ES6 adds lambdas, destructing assignment, default/rest/ spread arguments and template strings - all of those reduce verbosity. And there is `let` which has a "normal" scope, although I'm not really sure it needs that. Additionally, generators let you use normal control flow constructs for IO, if you prefer that to FP.

While its no Haskell, it certainly isn't much more verbose than other dynamic languages anymore. And a typesystem like TypeScript or Flow pretty much eliminates the rest of the gotchas.

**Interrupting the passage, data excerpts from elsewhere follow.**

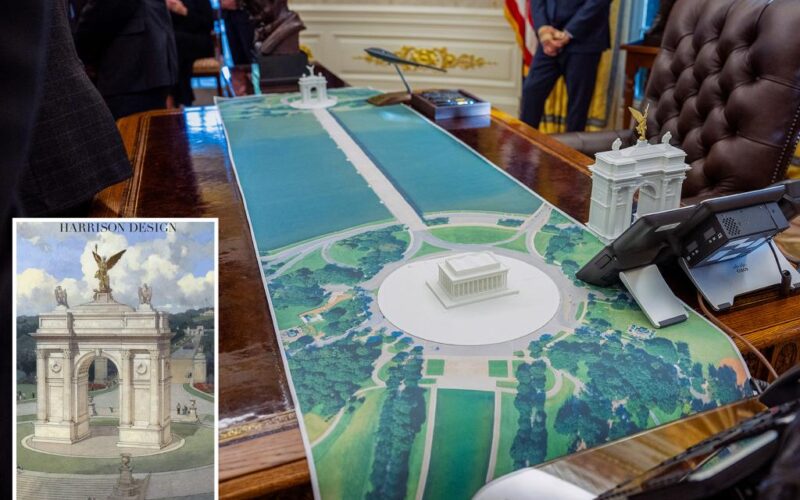 President Trump posted an architect’s rendering of a huge triumphal arch to mark the nation’s 250th birthday – and his biggest change yet to the capital’s skyline.
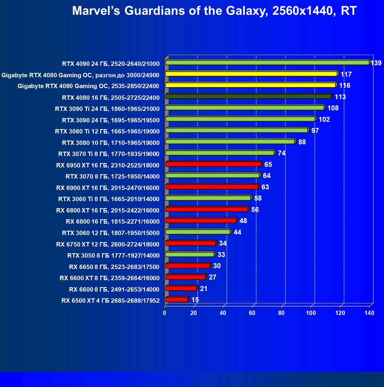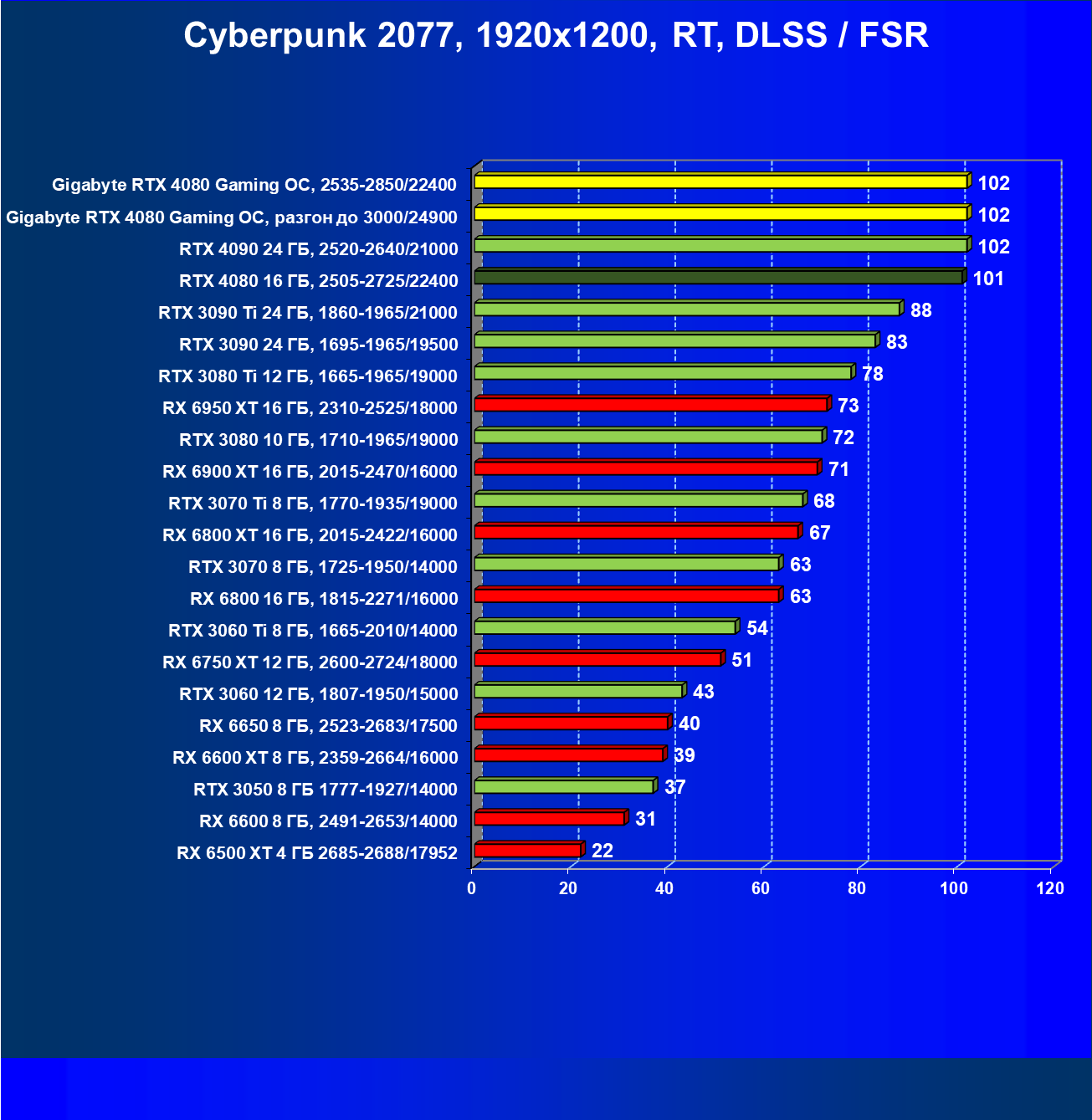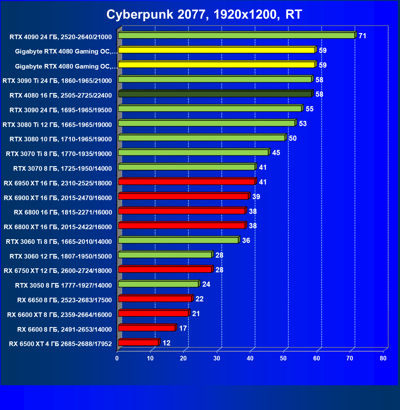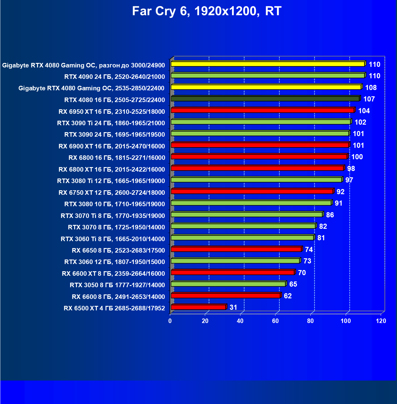 | 20 | Gigabyte RTX 4080 Gaming OC, 2535—2850/22400 | 71 | 837 | 118 000 |
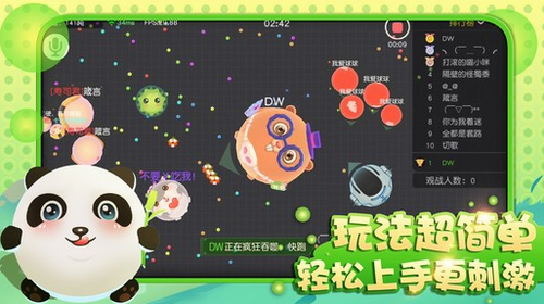 游戏开局首先要寻找到队友(根据图标指示的方向队友移动),找到队友之后,一方将吞噬敌人后产生的的分身和炸刺分裂的小分身给对方吃掉,逐渐壮大。
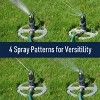 - The rotating lawn sprinklers head switches between 4 spray patterns (narrow stream, multiple streams, narrow spray, and wide spray) with a simple click
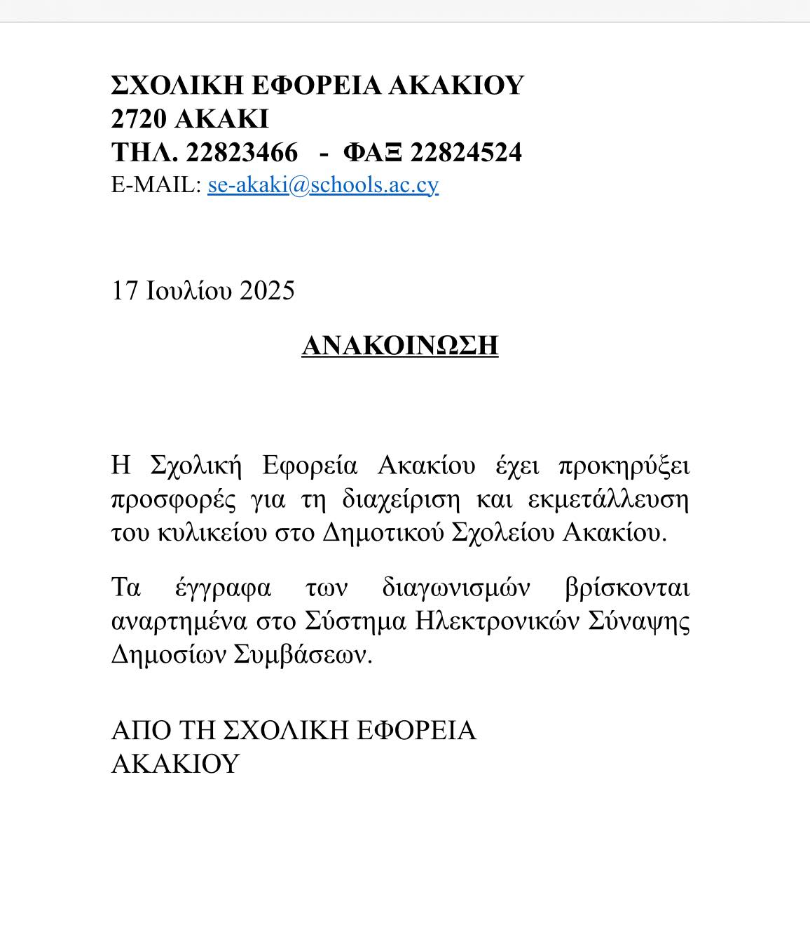 Σε προσφορές βγήκε η Σχολική Εφορεία Ακακίου – Δείτε τι αφορά July 19, 2025 ΕπικαιρότηταΔυτική ΛευκωσίαΟικονομίαΕπιχειρηματικότηταΤοπικάΚοινωνία Σε προσφορές για τη διαχείριση και εκμετάλλευση του κυλικείου στο Δημοτικό Σχολείο Ακακίου, έχει βγει η σχολική εφορεία Ακακίου. Τα έγγραφα των διαγωνισμών βρίσκονται αναρτημένα στο σύστημα Ηλεκτρονικών Σύναψης Δημοσίων Συμβάσεων. ΗΜΕΡΟΛΟΓΙΟ ΕΚΔΗΛΩΣΕΩΝ ΤΕΛΕΥΤΑΙΕΣ ΕΝΗΜΕΡΩΣΕΙΣ Υπερασπίζονται τη Mercosur οι κυβερνώντες – Αντιδρούν οι αγροτικές οργανώσεις και κόμματα Αγροτοκτηνοτροφικά Δείτε τους μισθούς όλων των Κρατικών Αξιωματούχων – Πρόεδρος, Δικαστές, Υπουργοί, Επιτρόποι, Βουλευτές κ.α. Οικονομία Περίπου στο μισό της κανονικής η βροχόπτωση αυτό το μήνα – Δείτε για Πλατάνια και Λευκωσία Δυτική Λευκωσία ΣΧΕΤΙΚΑ ΑΡΘΡΑ Υπερασπίζονται τη Mercosur οι κυβερνώντες – Αντιδρούν οι αγροτικές οργανώσεις και κόμματα Αγροτοκτηνοτροφικά Previous articleΑρδευτική συνέλευση Μουτουλλά – Όλες οι πληροφορίεςNext articleΚαλοπαναγιώτης: Από νωρίς το πρωί καθάρισαν το χωριό τους – “Καλοί μου άνθρωποι, αυτά που εσείς πετάξατε…” Φωτογραφίες
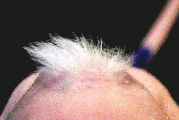 Figure 9: Generation of hair follicles, sebaceous glands, and epidermis in nude mice. Progeny from a single skin stem cell can generate hair follicles, sebaceous glands, and epidermis in nude mice. To monitor skin stem cells, the Fuchs lab engineered a mouse that enabled them to fluorescently label the infrequently dividing stem cells. They used a fluorescence-activated cell sorter to isolate the stem cells, which they then placed in culture. Each stem cell produced a large colony of cells in vitro, which they then grafted onto the back of a nude mouse (defective in making hair follicles). The hairs (fluorescent under the appropriate lighting) growing on this mouse are particularly remarkable in that they are descendents of a single stem cell.

Off the top of my head, there are two embarrassing holes: bigger integers and parallelism. Can't think of anything else at the moment (macros maybe, but they're a double-edged sword wrt tooling). Wonder if anything else is missing?

_pmf_|11 years ago

> ES6 adds lambdas, destructing assignment, default/rest/ spread arguments and template strings - all of those reduce verbosity.

Yes. But the existing warts do not go away (and neither will they ever, due to the need for backwards compatibility).

Havvy|11 years ago

There's Sweet.js if you want macros.

warfangle|11 years ago

We've got parallelism in the browser (sorta) with webworkers.

alexjeffrey|11 years ago

a cryptographically secure pseudorandom number generator would be nice, too.

hrktb|11 years ago

> JS the language of the future? [...]I can certainly see being stuck with Javascript

I think we all agree. JS has very ugly things, but it isn't going anywhere for the forseeeable future.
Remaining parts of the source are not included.